South African hospitality

Monday, Sept. 10 — This past weekend I learned more about South Africans’ wonderful hospitality. On Friday night, Elsie, the sister-in-law of my host, Pedro, took me out to dinner for the second time in the week, because “guests should not eat alone.” Elsie, her friend Celia, and I had a good meal and great conversation at a Greek restaurant.

On Saturday, I spoke with one of the people working in my apartment complex who told me about rural South African weddings. He said in the countryside, the wedding usually lasts eight days. And although just about everyone in the village is invited, anyone who shows up is welcome. His culture truly understands and practices community engagement. He does not have that sense of community in Pretoria, and he misses it.

On Sunday, my colleague Willie Meyer invited me to a zoo, a boat ride and then a braai (barbeque, pronounced brei) at his home in Hartbeespoort with his wife, three daughters, two sons-in-law and several grandchildren.

I ate way too much meat and salad, which was just fine with me.

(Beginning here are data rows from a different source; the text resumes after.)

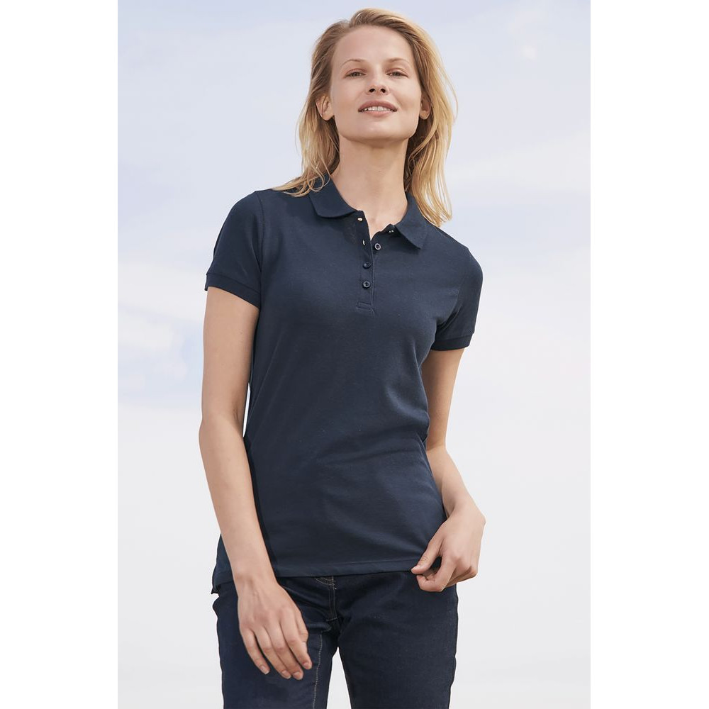 Классическая женская рубашка поло приталенного силуэта из гребенного хлопка.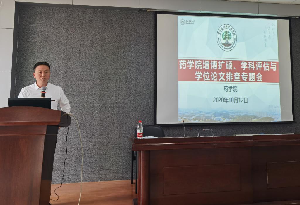 汤磊从论文排查、学科建设、学术交流和人才建设等四个方面对药学学科的扩博和学科评估作了讲话,并提出工作要求。
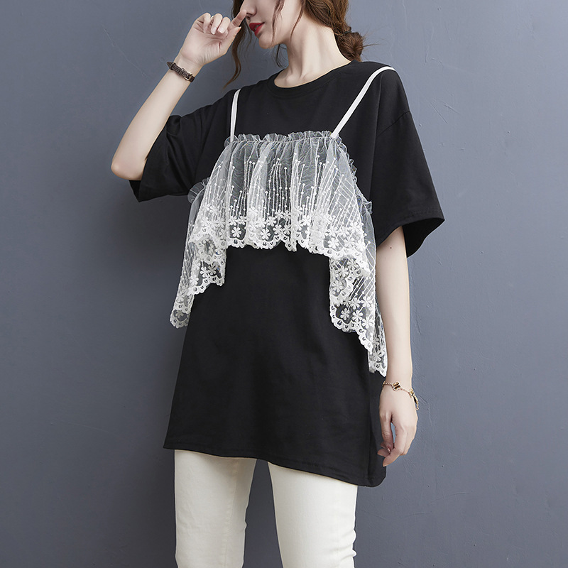 首頁 > 供應產品 > 2021年夏季新品大碼胖MM200斤女裝蕾絲拼接印花短袖遮肉顯瘦T恤女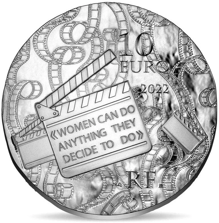 This coin's face value, vintage, and "RF" inscription accompany motifs from Grace Kelly's life: film reels, clappers, and her quote, "WOMEN CAN DO ANYTHING THEY DECIDE TO DO."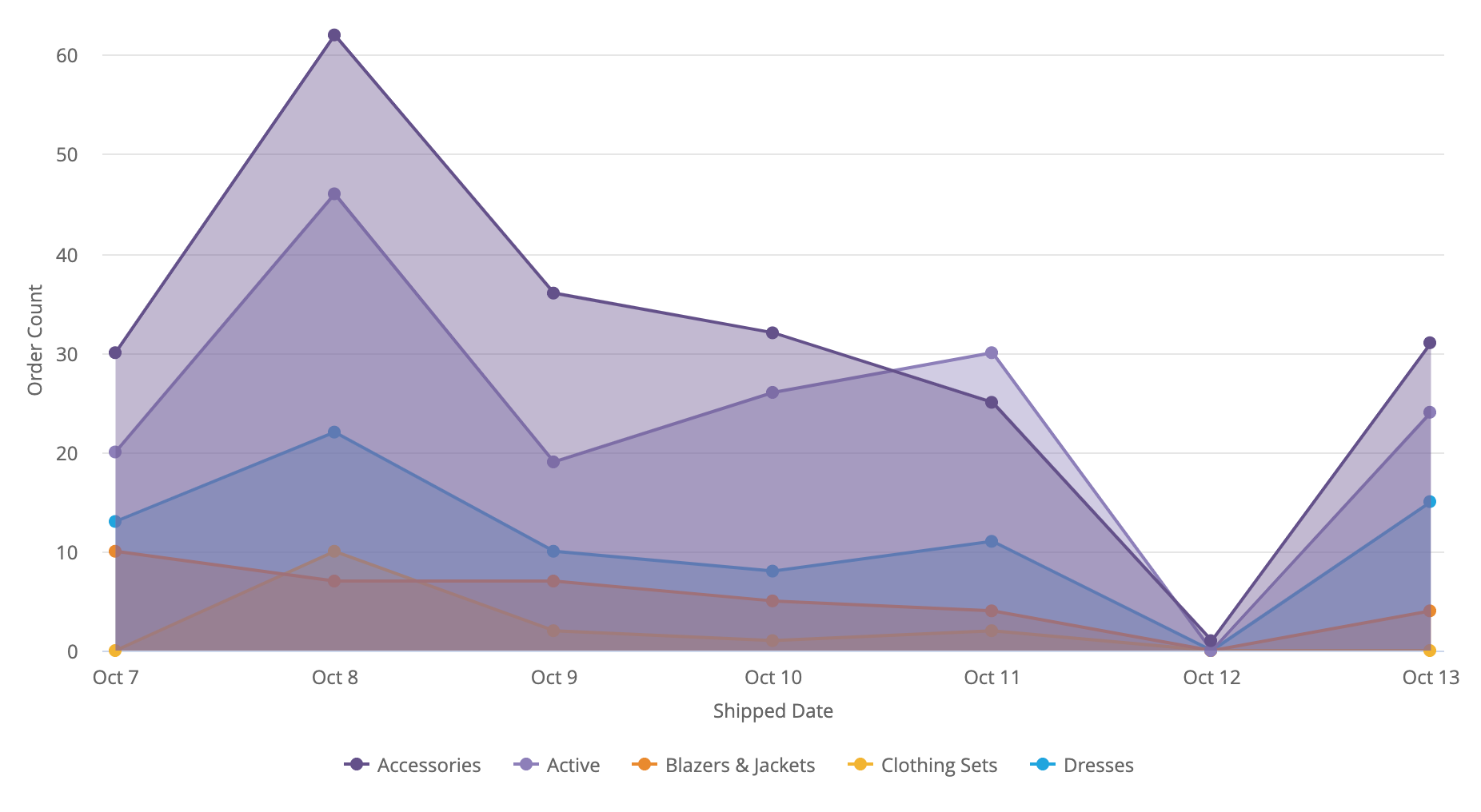 If multiple measures are specified, each measure becomes a y-axis series. If pivots are present, each pivot and measure combination becomes a y-axis series. If no measures are specified, two dimensions can be plotted.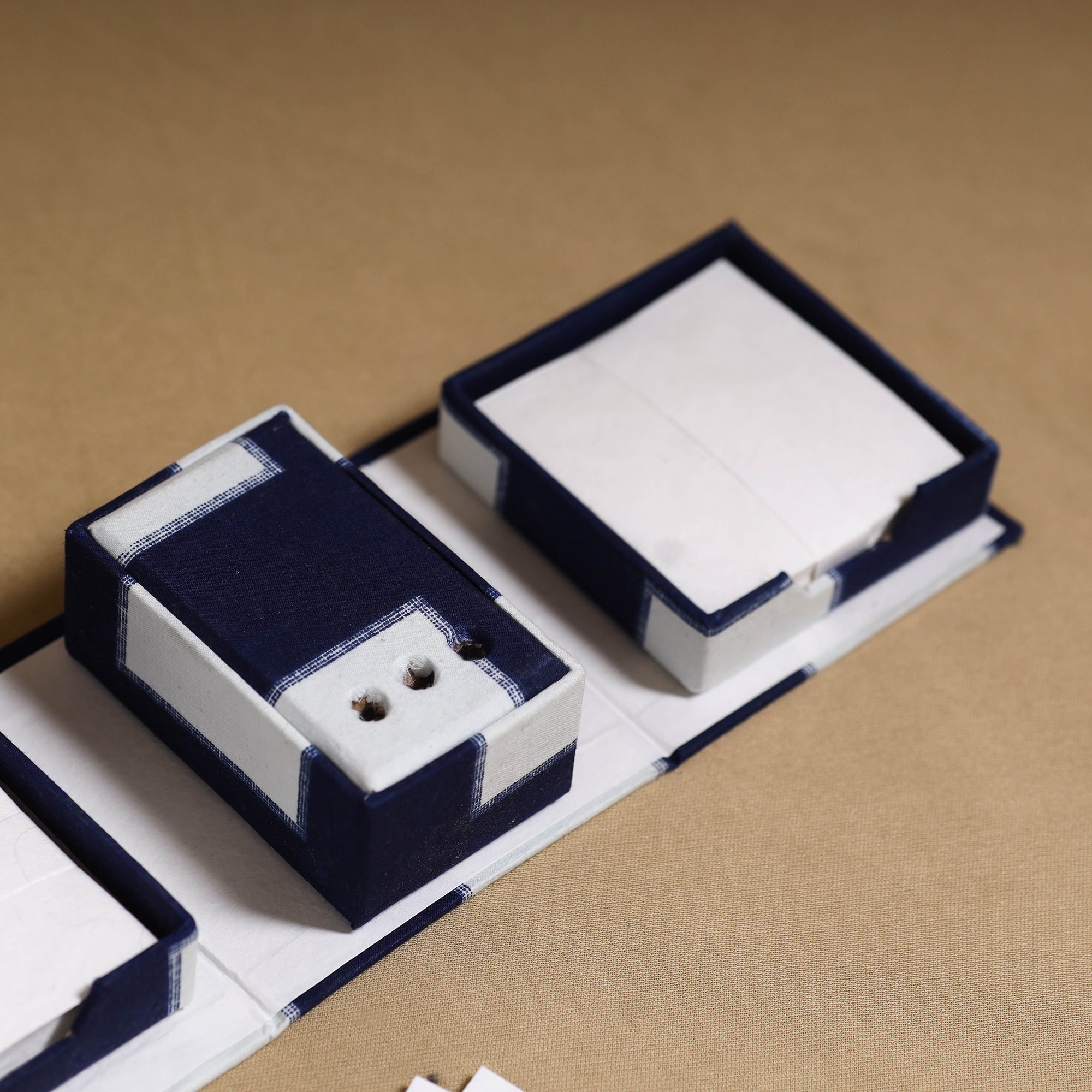 Handcrafted black printed stationery kit is designed to keep your workspace neat, creative, and complete. Perfect for students and professionals, it includes all the right essentials for daily use. Made from durable cardboard and covered with block printed cotton fabric, it’s easy to carry, elegant in look and adds charm to any home or office desk.

But it seemed like every few minutes after we ate, I was being given another “typical South African drink.” Then Willie, his sons-in-law and I retired to his basement den, and in honor of Pavarotti, we listened to some of his recordings, then just played a variety of classical music while we continued to drink yet more typical (alcoholic) South African after-dinner drinks. (They were delightful.)

Eventually I realized that I had to drive 40 minutes on the “correct” side of the road on a route I’d only been on that morning, and decided it was time to go. Also, South Africa’s rules about drinking and driving are strict, with a blood alcohol level of 0.05 and above illegal. Otherwise the evening would have continued for hours.